[lldb-dev] [RFC] Improving protocol-level compatibility between LLDB and GDB

Thu Apr 22 00:03:03 PDT 2021

> On Apr 20, 2021, at 11:39 PM, Pavel Labath via lldb-dev <lldb-dev at lists.llvm.org> wrote:
> 
> I am very happy to see this effort and I fully encourage it.

Completely agree.  Thanks for Cc:'ing me Pavel, I hadn't seen Michał's thread.

> 
> On 20/04/2021 09:13, Michał Górny via lldb-dev wrote:
>> On Mon, 2021-04-19 at 16:29 -0700, Greg Clayton wrote:
>>>> I think the first blocker towards this project are existing
>>>> implementation bugs in LLDB. For example, the vFile implementation is
>>>> documented as using incorrect data encoding and open flags. This is not
>>>> something that can be trivially fixed without breaking compatibility
>>>> between different versions of LLDB.
>>> 
>>> We should just fix this bug in LLDB in both LLDB's logic and lldb-server IMHO. We typically distribute both "lldb" and "lldb-server" together so this shouldn't be a huge problem.
>> Hmm, I've focused on this because I recall hearing that OSX users
>> sometimes run new client against system server... but now I realized
>> this isn't relevant to LLGS ;-).  Still, I'm happy to do things
>> the right way if people feel like it's needed, or the easy way if it's
>> not.
> 
> The vFile packets are, used in the "platform" mode of the connection (which, btw, is also something that gdb does not have), and that is implemented by lldb-server on all hosts (although I think apple may have some custom platform implementations as well). In any case though, changing flag values on the client will affect all servers that it communicates with, regardless of the platform.
> 
> At one point, Jason cared enough about this to add a warning about not changing these constants to the code. I'd suggest checking with him whether this is still relevant.
> 
> Or just going with your proposed solution, which sounds perfectly reasonable to me....

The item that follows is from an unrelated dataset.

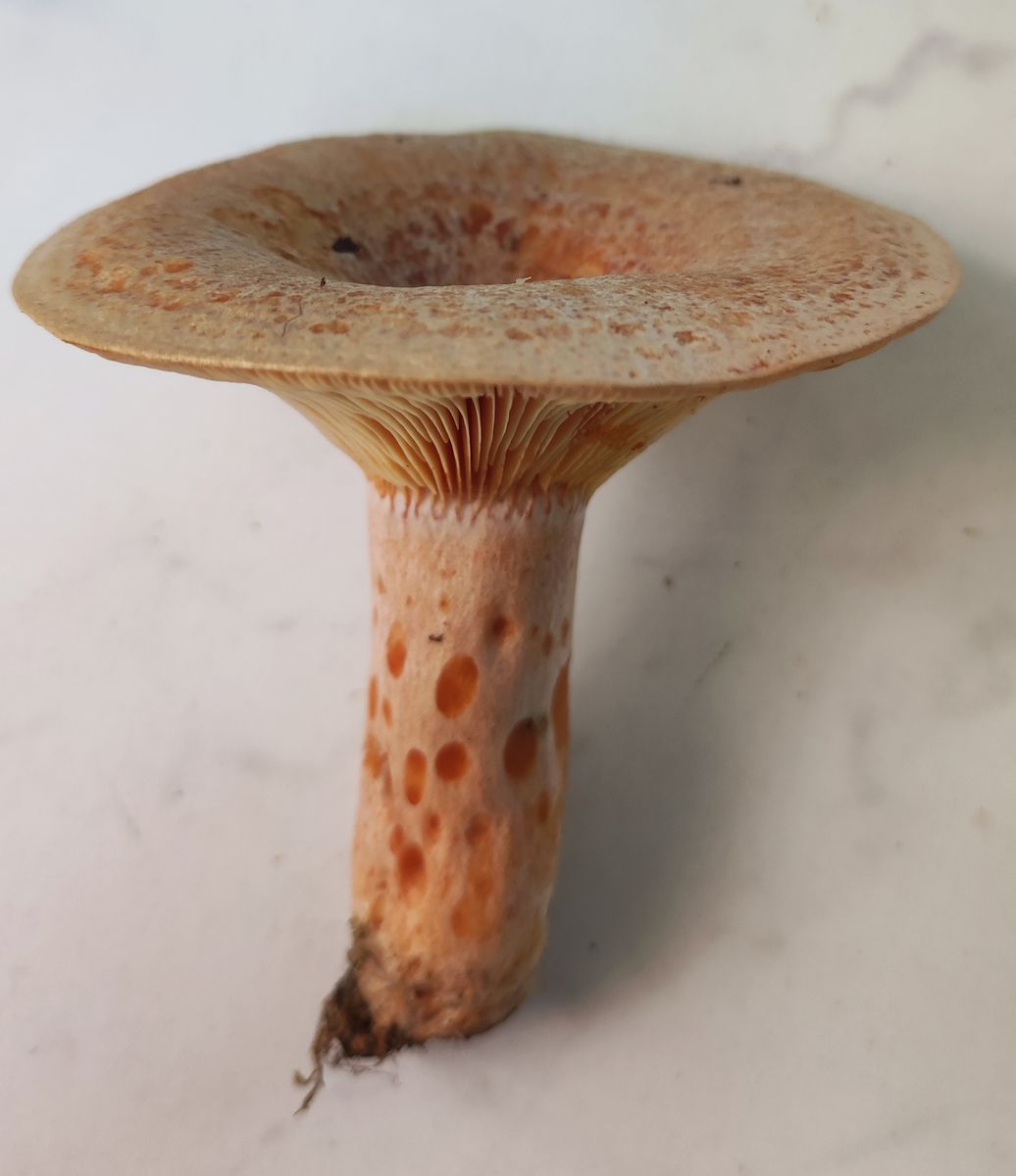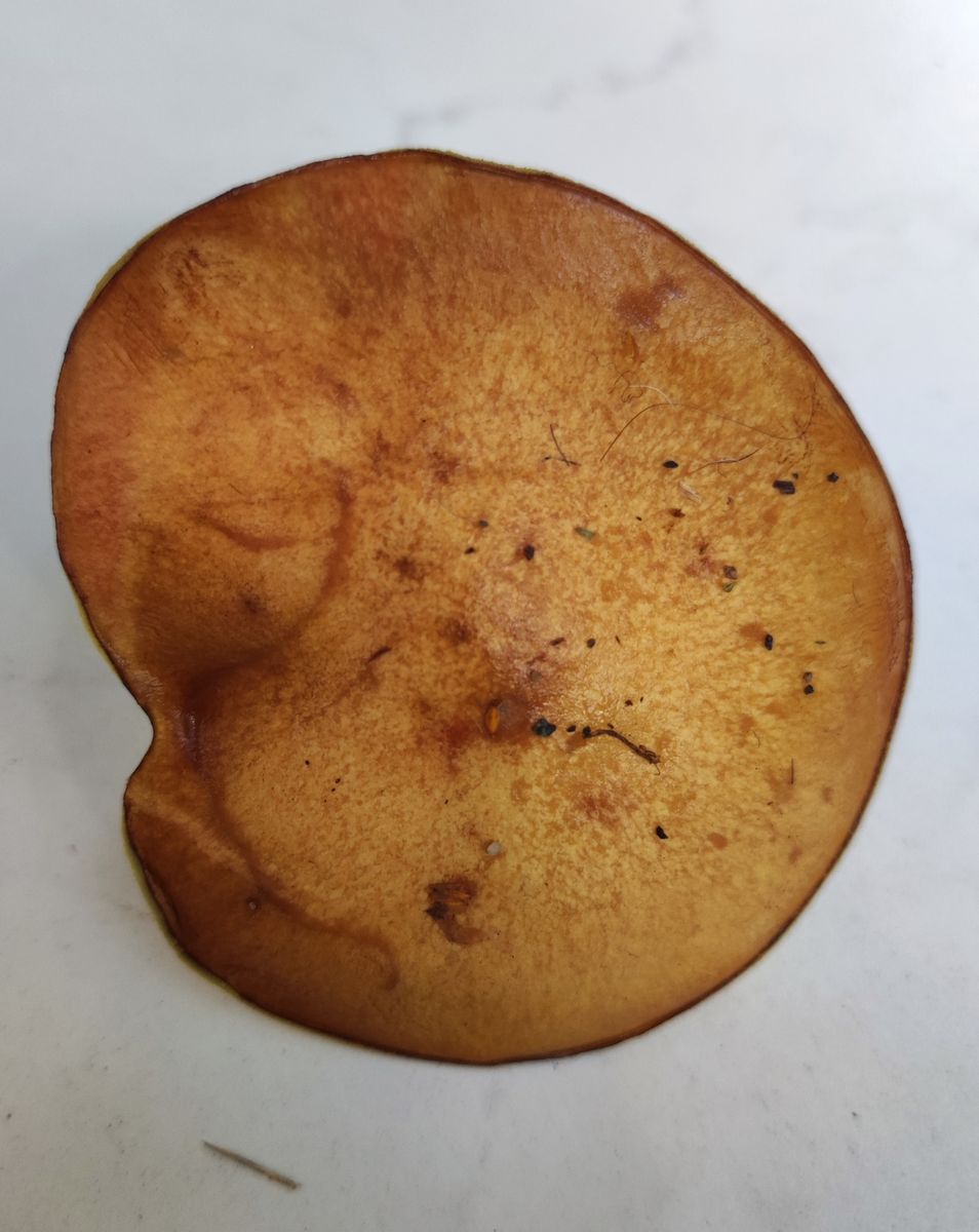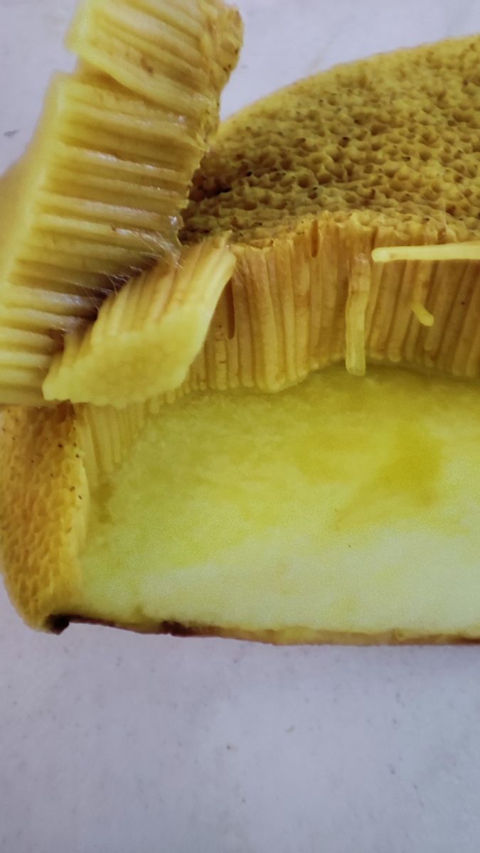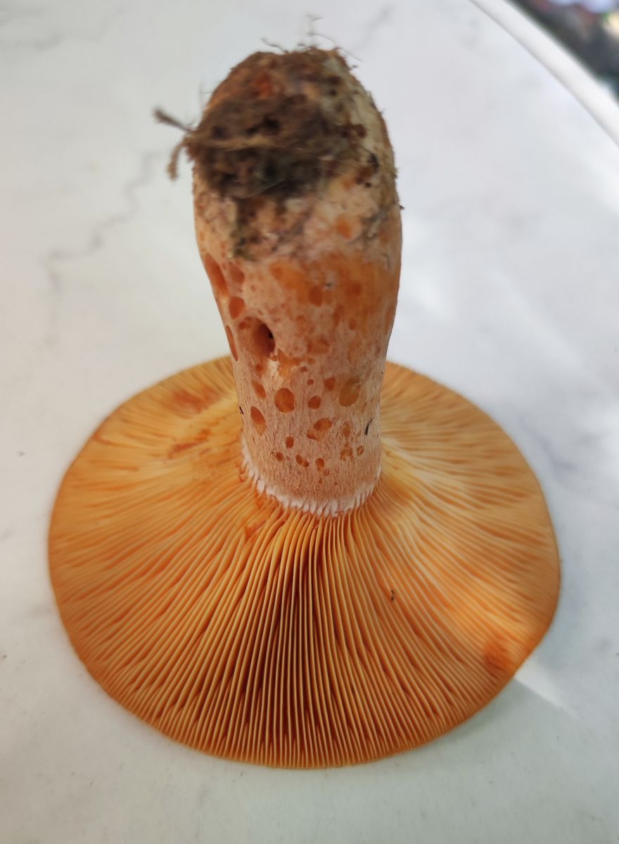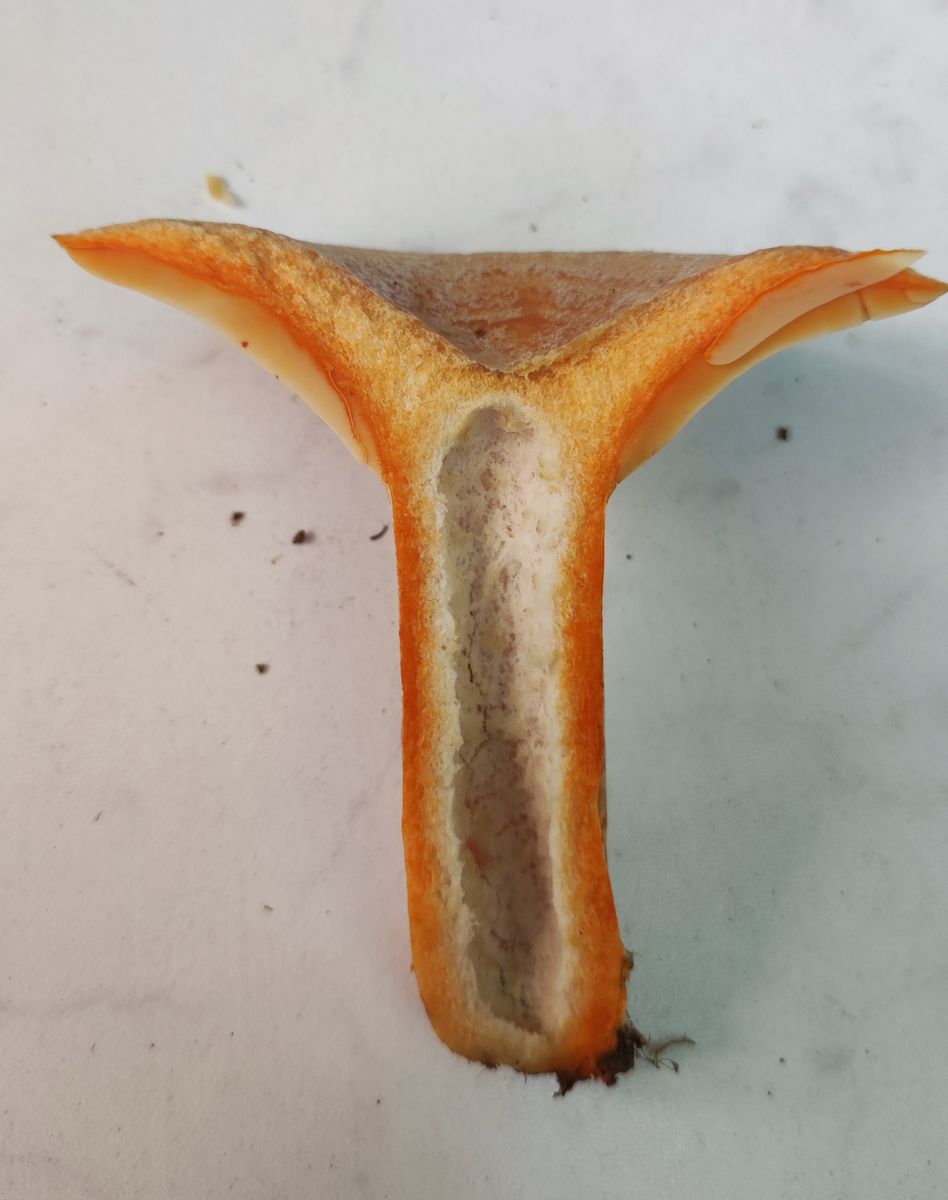 Beim Verletzen der Lamellen trat keine Milch aus, es wurde nur so etwas orange. Vllt war er schon zu alt, aber nachher waren meine HĂ€nde und das Messer voller quietschoranger Flecken.

The main backwards compatibility issue for Apple is that lldb needs to talk to old debugservers on iOS devices, where debugserver can't be updated.  I know of three protocol bugs we have today:

vFile:open flags
vFile:pread/pwrite base   https://bugs.llvm.org/show_bug.cgi?id=47820
A packet base   https://bugs.llvm.org/show_bug.cgi?id=42471

debugserver doesn't implement vFile packets.  So for those, we only need to worry about lldb/lldb-server/lldb-platform.

lldb-platform is a freestanding platform packets stub I wrote for Darwin systems a while back.  Real smol, it doesn't link to/use any llvm/lldb code.  I never upstreamed it because it doesn't really fit in with llvm/lldb projects in any way and it's not super interesting, it is very smol and simple.  I was tired of tracking down complicated bugs and wanted easier bugs.  It implements the vFile packets; it only does the platform packets and runs debugserver for everything else.

Technically a modern lldb could need to communicate with an old lldb-platform, but it's much more of a corner case and I'm not super worried about it, we can deal with that inside Apple (that is, I can be responsible for worrying about it.)

For vFile:open and vFile:pread/pwrite, I say we just change them in lldb/lldb-server and it's up to me to change them in lldb-platform at the same time.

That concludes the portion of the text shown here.